▶ **WHAT TO WORK ON**
Print exactly and only the lines that run from the one containing "<<長鏡頭把南寮遊客中心跟美麗的環保焚化爐拉成了鄰居,貝殼公園也近在咫尺>>" through the end of the material, please, omitting pictures.

▶ **SUPPLIED MATERIAL**
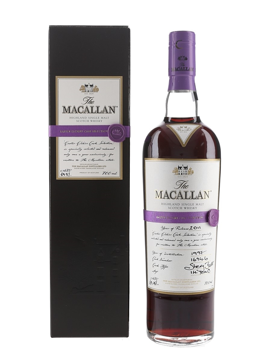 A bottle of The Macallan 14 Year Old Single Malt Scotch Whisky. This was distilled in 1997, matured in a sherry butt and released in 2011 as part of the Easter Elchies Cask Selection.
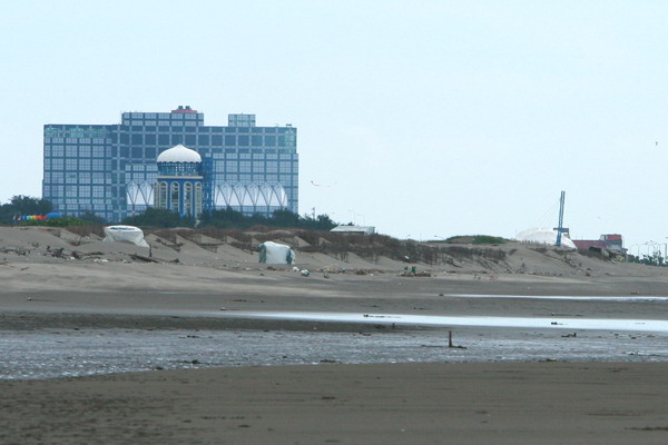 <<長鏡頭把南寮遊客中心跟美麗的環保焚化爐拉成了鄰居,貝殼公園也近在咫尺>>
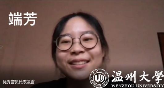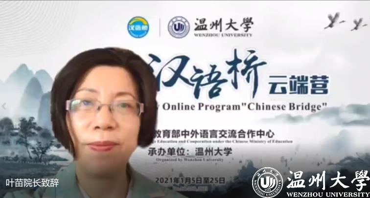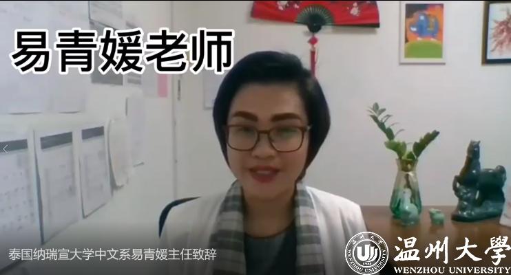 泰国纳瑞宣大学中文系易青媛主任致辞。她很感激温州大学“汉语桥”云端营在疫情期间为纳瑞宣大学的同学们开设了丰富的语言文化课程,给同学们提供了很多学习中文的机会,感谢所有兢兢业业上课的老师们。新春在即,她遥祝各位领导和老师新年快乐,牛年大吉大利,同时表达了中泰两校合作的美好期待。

▶ **RESULT OF THIS EXERCISE**
 <<長鏡頭把南寮遊客中心跟美麗的環保焚化爐拉成了鄰居,貝殼公園也近在咫尺>>
 泰国纳瑞宣大学中文系易青媛主任致辞。她很感激温州大学“汉语桥”云端营在疫情期间为纳瑞宣大学的同学们开设了丰富的语言文化课程,给同学们提供了很多学习中文的机会,感谢所有兢兢业业上课的老师们。新春在即,她遥祝各位领导和老师新年快乐,牛年大吉大利,同时表达了中泰两校合作的美好期待。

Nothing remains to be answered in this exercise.